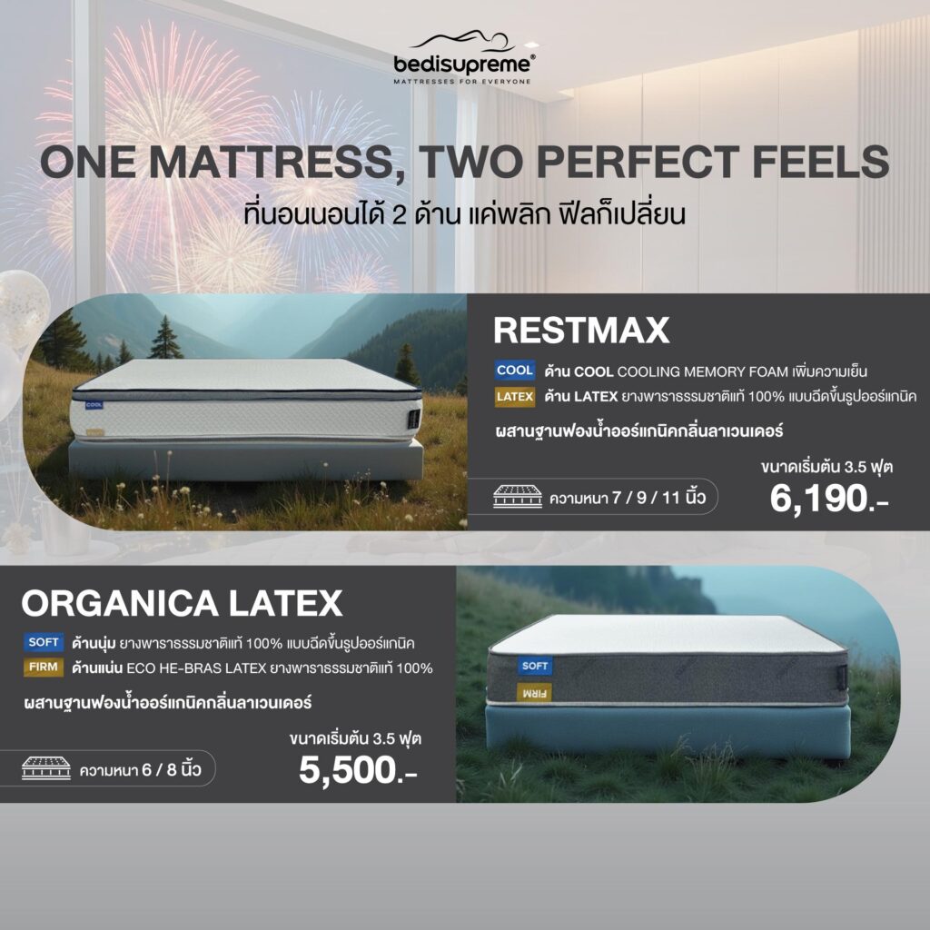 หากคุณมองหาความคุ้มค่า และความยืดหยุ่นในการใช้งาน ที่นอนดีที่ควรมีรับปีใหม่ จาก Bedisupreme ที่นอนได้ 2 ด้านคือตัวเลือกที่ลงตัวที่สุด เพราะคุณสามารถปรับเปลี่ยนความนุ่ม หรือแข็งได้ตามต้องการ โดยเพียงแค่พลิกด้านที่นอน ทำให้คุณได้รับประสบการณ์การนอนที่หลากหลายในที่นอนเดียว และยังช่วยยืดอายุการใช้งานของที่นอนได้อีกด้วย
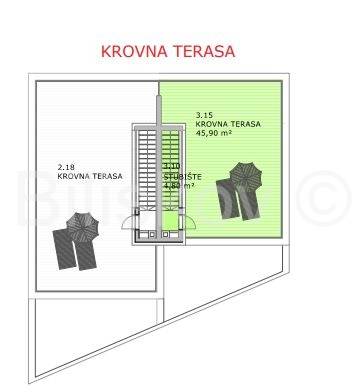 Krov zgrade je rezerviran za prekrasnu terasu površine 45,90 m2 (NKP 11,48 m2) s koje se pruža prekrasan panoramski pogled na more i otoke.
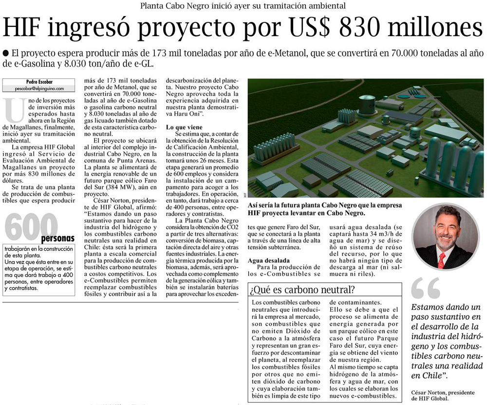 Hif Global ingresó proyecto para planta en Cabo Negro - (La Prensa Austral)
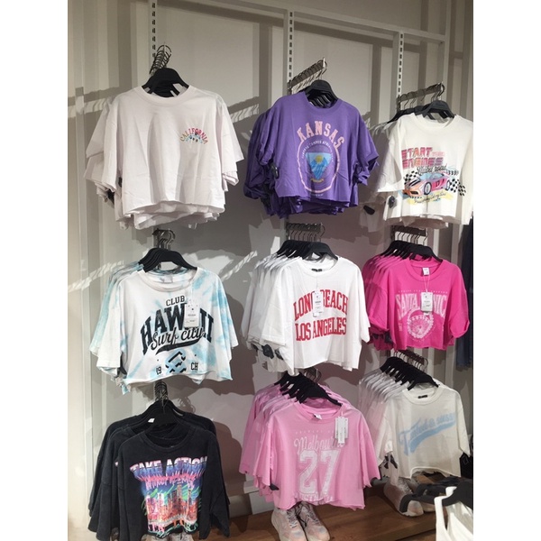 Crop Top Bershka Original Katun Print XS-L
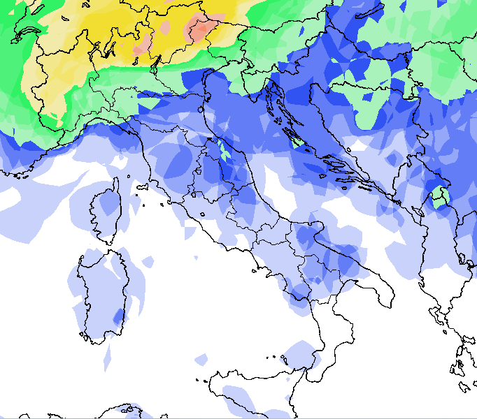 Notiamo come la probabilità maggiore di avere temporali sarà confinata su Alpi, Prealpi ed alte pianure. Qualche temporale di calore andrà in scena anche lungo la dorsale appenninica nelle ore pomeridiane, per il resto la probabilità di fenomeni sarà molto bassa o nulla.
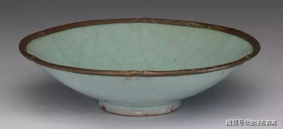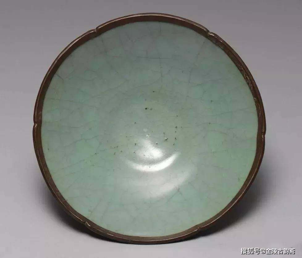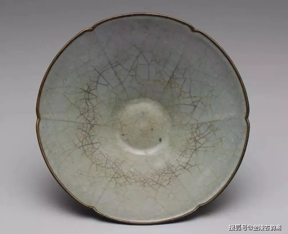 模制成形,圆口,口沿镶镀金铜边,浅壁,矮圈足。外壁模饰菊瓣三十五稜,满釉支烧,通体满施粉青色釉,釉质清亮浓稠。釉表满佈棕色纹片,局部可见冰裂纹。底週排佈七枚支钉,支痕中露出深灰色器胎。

== What to produce ==
In full and without change, repeat the material above, minus the pictures.

== The completed task ==
 หากคุณมองหาความคุ้มค่า และความยืดหยุ่นในการใช้งาน ที่นอนดีที่ควรมีรับปีใหม่ จาก Bedisupreme ที่นอนได้ 2 ด้านคือตัวเลือกที่ลงตัวที่สุด เพราะคุณสามารถปรับเปลี่ยนความนุ่ม หรือแข็งได้ตามต้องการ โดยเพียงแค่พลิกด้านที่นอน ทำให้คุณได้รับประสบการณ์การนอนที่หลากหลายในที่นอนเดียว และยังช่วยยืดอายุการใช้งานของที่นอนได้อีกด้วย
 Krov zgrade je rezerviran za prekrasnu terasu površine 45,90 m2 (NKP 11,48 m2) s koje se pruža prekrasan panoramski pogled na more i otoke.
 Hif Global ingresó proyecto para planta en Cabo Negro - (La Prensa Austral)
 Crop Top Bershka Original Katun Print XS-L
 Notiamo come la probabilità maggiore di avere temporali sarà confinata su Alpi, Prealpi ed alte pianure. Qualche temporale di calore andrà in scena anche lungo la dorsale appenninica nelle ore pomeridiane, per il resto la probabilità di fenomeni sarà molto bassa o nulla.
 模制成形,圆口,口沿镶镀金铜边,浅壁,矮圈足。外壁模饰菊瓣三十五稜,满釉支烧,通体满施粉青色釉,釉质清亮浓稠。釉表满佈棕色纹片,局部可见冰裂纹。底週排佈七枚支钉,支痕中露出深灰色器胎。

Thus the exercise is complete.